Она меня обняла. К ней присоединилась Леони, потом Рахми – она бежала перед нами, но остановилась, почуяв неладное. Я заплакала, причем громко, навзрыд, некрасиво всхлипывая. Я словно тонула, а эти женщины меня спасли. Оставалось только вытолкнуть соленую воду из легких вместе с ужасным воспоминанием.
Мы стояли так, пока Алекс не вернулась за отставшими. Она не задавала вопросов, только протянула бутылку сока.
– Держи. Надо побольше пить.
Я утерла глаза.
– Извините.
– Не за что извиняться, – успокоила Леони. – Иногда мужики сволочи.
– Поступай как считаешь нужным, – сказала Салена. – Не кори себя за чувства. Если негде будет переночевать, или захочешь все обдумать, или просто полежать и посмотреть «Нетфликс», я всегда рядом. И остальные тоже.
– Спасибо, – кивнула я.
Мы медленно вернулись через парк. Прохладный воздух остудил пылавшее лицо. До нынешнего вечера я и представить не могла, что расскажу кому-нибудь о том случае. А сегодня рассказала подругам. А еще сегодня затих насмешливый внутренний голос – впервые с той ночи, когда я сорвала с себя черный комплект, запихнула в мусорное ведро, переоделась в сорочку и осталась, потому что не могла иначе.
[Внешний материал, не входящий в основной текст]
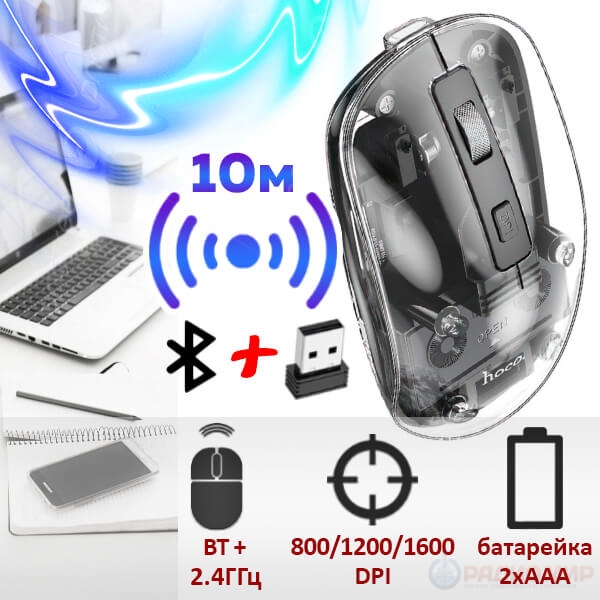 Беспроводная мышь Hoco GM29 Mysterious — удобно, тихо и стильно.
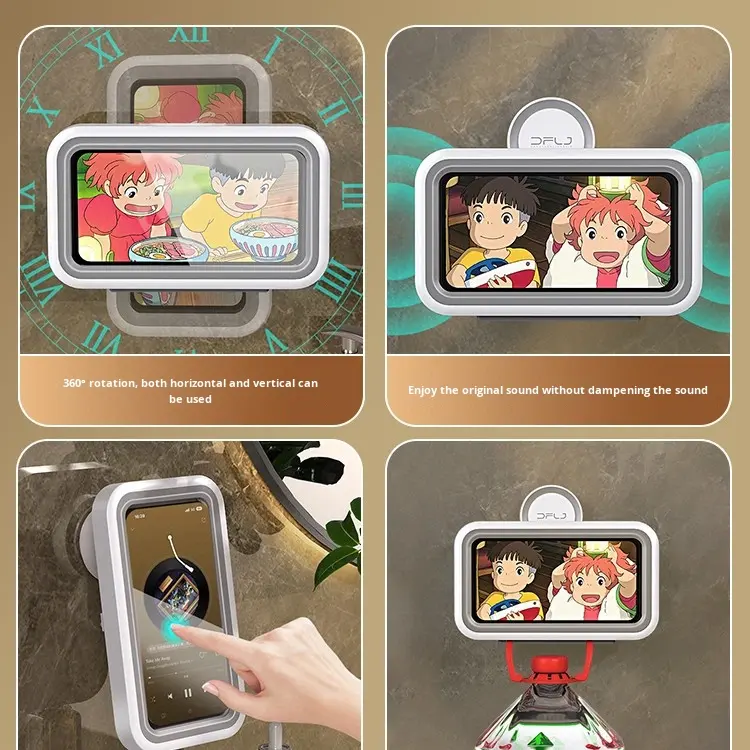 Soporte de Teléfono Móvil Giratorio Ajustable HD con Ventosa Impermeable de ABS para Baño
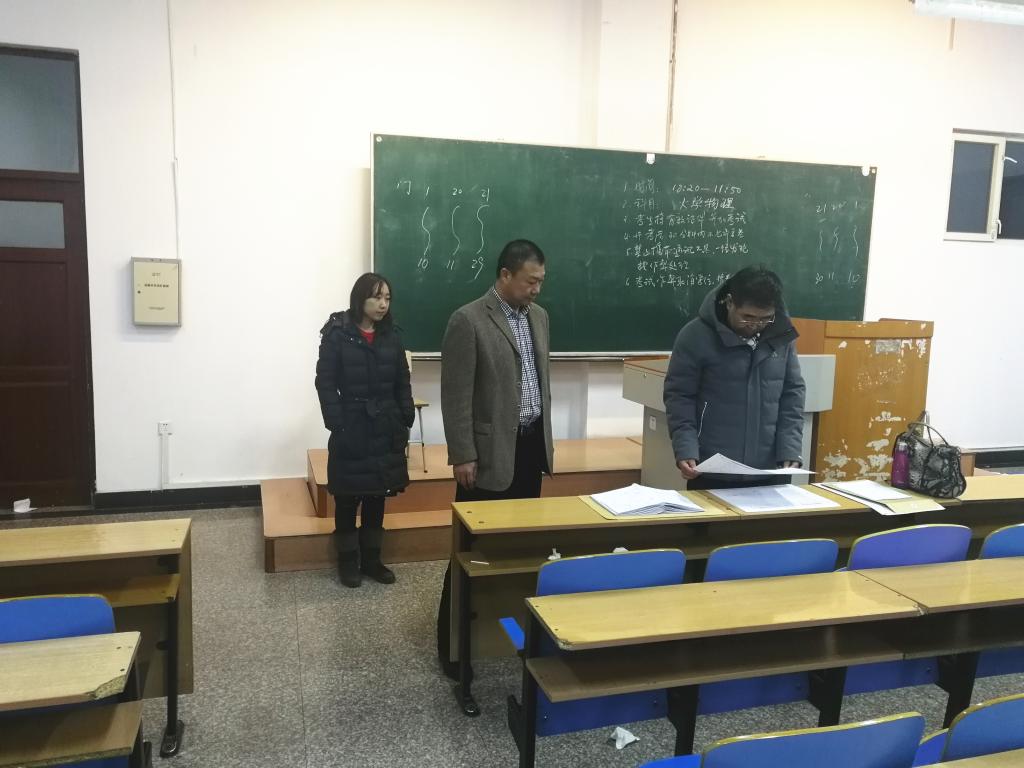 1月8日上午,校长郝传波在教务处副处长邢世海等人陪同下,深入教学主楼考场检查指导期末考试工作。
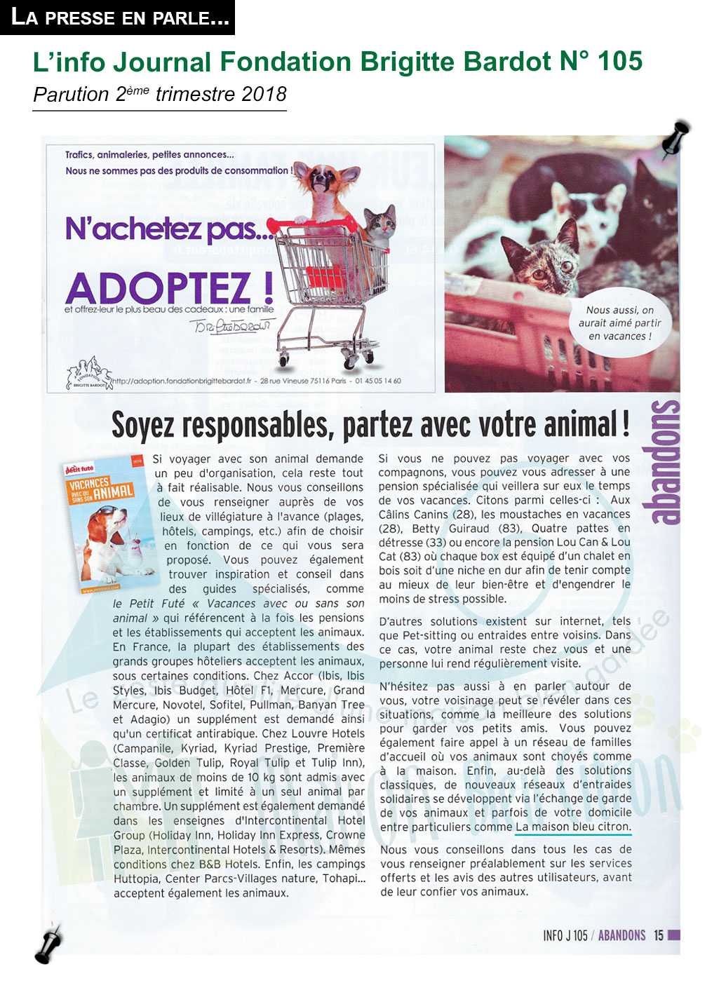 L'Info journal fondation BRIGITTE BARDOT - Janvier 2019
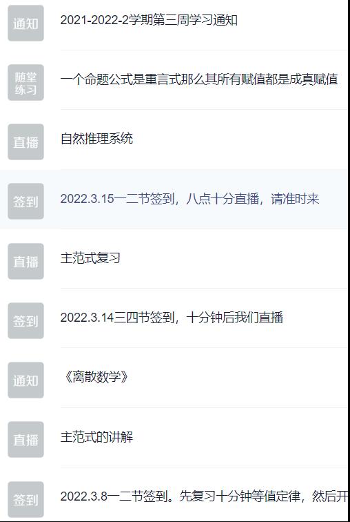 1.离散数学:该课程是专业基础课,但是课程难度较大,大量的数学知识比较难于理解,不利于线上授课,但是授课老师在学习通上的直播中能用非常易懂的语言和比较轻松地方式将枯燥的数学知识讲出来。在学习通上老师准备了大量的学习资源给学生提供学习,其中包括思维导图、课程视频、随堂练习、每周学习任务、教材、题库和教学文件等。
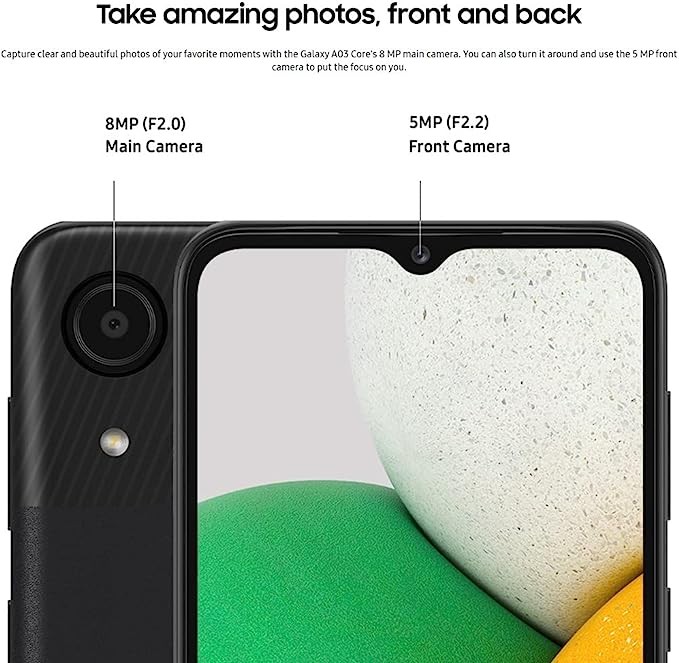 SAMSUNG Galaxy A03 Core (SM-A032/DS) Dual SIM 32GB/ 2GB RAM, GSM Unlocked International Version - No Warranty - Black
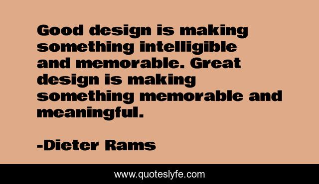 This page presents the quote "Good design is making something intelligible and memorable. Great design is making something memorable and meaningful.". Author of this quote is Dieter Rams. This quote is about design, great, meaningful,.
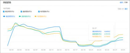 你應(yīng)該建立DSR評(píng)分的監(jiān)控表格(或者直接從生意參謀里面也是可以看的),然后如果你發(fā)現(xiàn)這三項(xiàng)指標(biāo)中的某些指標(biāo)連續(xù)四天下降的話,第五天你就要去處理。為什么呢?因?yàn)槿绻愕冗B續(xù)7天下降的話,就來(lái)不及了。
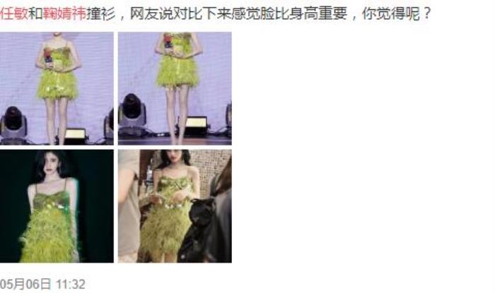 像前段时间,就有人把鞠婧祎和任敏撞衫的图片拿来比较。
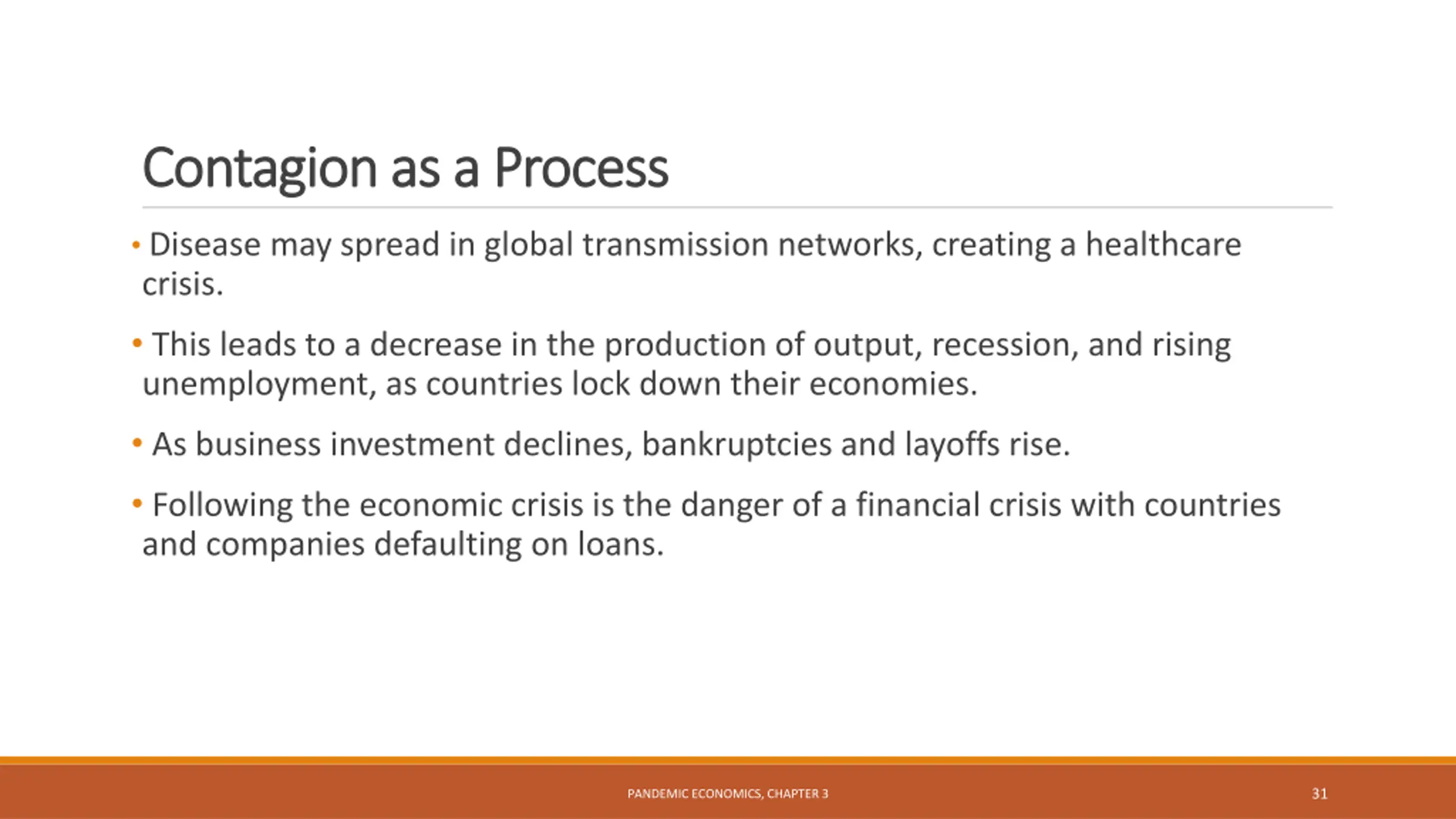 Contagion as a Process Contagion as a Process Disease may spread in global transmission networks, creating a healthcare crisis. This leads to a decrease in the production of output, recession, and rising unemployment, as countries lock down their economies. As business investment declines, bankruptcies and layoffs rise. Following the economic crisis is the danger of a financial crisis with countries and companies defaulting on loans. 31 PANDEMIC ECONOMICS, CHAPTER 3
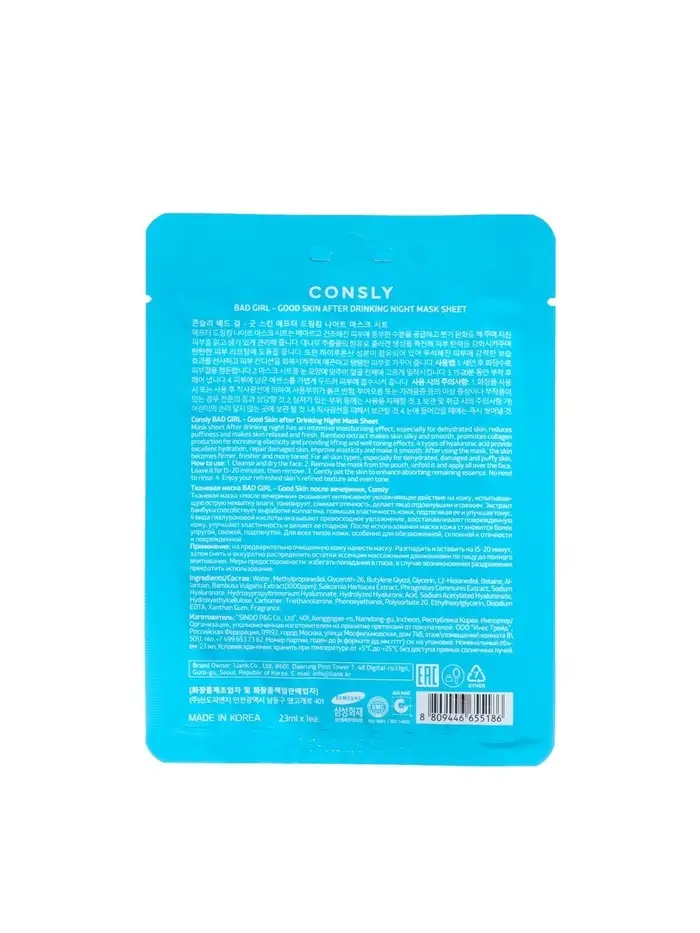 Маска тканевая для лица Consly «После вечеринки», 23 мл
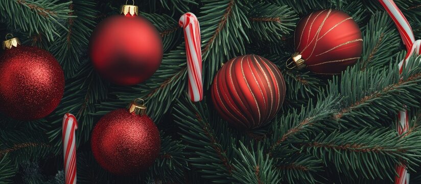 Craft background featuring a close up of a Christmas tree and ornaments Empty space for text Red Christmas ornaments spruce branches and cane shaped candies Christmas themed background
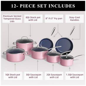Este conjunto de panelas premium é construído com forjamento, tornando o forte e durável, mas ainda leve e fácil de manusear. O revestimento saudável Duralon Blue é um revestimento cerâmico totalmente natural, livre de produtos químicos nocivos como PTFE, PFOA, grafite e cádmio, e não emite gases tóxicos em temperaturas mais altas. A cerâmica Geração 10 G10 é excepcional em todas as categorias, aquecendo rapidamente e liberando alimentos uniformemente sem esforço, além de ser extraordinariamente durável. A dureza do revestimento é avaliada em 9H, tornando o extremamente forte e resistente à abrasão, corrosão e ácido, o que significa que não lascará ou descolorirá e manterá suas propriedades antiaderentes por mais tempo. Cada panela é colada e reforçada com placa SS anti deformação na parte inferior para torná la pronta para indução, proporcionando distribuição de calor rápida e uniforme e retenção superior de calor em qualquer temperatura. Além disso, cada peça do conjunto de panelas é segura para uso em todos os cooktops, incluindo fogões elétricos e a gás, e pode ir ao forno até 500F para uma transição perfeita do fogão para o forno. As tampas premium resistentes a estilhaços incluídas neste conjunto incluem uma pequena abertura de ventilação para garantir que o vapor seja liberado com segurança enquanto você cozinha. As tampas são projetadas para caber em cada peça do conjunto de panelas para um cozimento mais conveniente. Este conjunto inclui uma panela de 4,66 litros com tampa, uma panela de 1,87 litros com tampa, uma panela de 2,80 litros com tampa, um caldeirão de 4,66 litros com tampa, uma panela de 7,46 litros com tampa, uma frigideira de 8 polegadas e uma frigideira de 9,5 polegadas. Cada peça é tratada com o revolucionário revestimento cerâmico Duralon Blue.

А еще сегодня, после пробежки, пока Мартин и Вуди смотрели фильм, я набрала ванну с пеной, взяла бокал вина и поискала в гугле коктейльные платья, белье и вечерние туфли.
Сходила сегодня на первый урок вокала. Ожидала совсем другого. Во-первых, представляла преподавательницу старше себя, лет шестидесяти-семидесяти. Думала, увижу даму вроде миссис Кларк из «Малберри», в очках «кошачий глаз», с седыми волосами и «химией» на голове. Не знаю почему. Наверное, мне непривычны уроки пения, даже непривычнее бегового клуба или похода в бар с подругами. Так буду объяснять Мартину свое отсутствие по средам. «Мы с подругами ходим выпить». Уроки пения сохраню в строгой тайне.
Преподавательница просит называть ее Чарли. Она молода, примерно возраста Салены, и поет в группе «Плохая карма». Альтернативный рок, раньше Дэну такое нравилось. У них есть свой канал на «Ютьюбе» и профиль на сайте «Бэндкэмп», где раскручивают независимых исполнителей. Чарли живет с подругой в подвальном этаже большого родительского дома с видом на Хампстед-Хит. У нее осветленные волосы, проколотый нос и десять лет классического музыкального образования. К ней приходят разные люди с разными просьбами. Полупрофессионалы и простые любители. Она говорит: каждый умеет петь, нужна только тренировка.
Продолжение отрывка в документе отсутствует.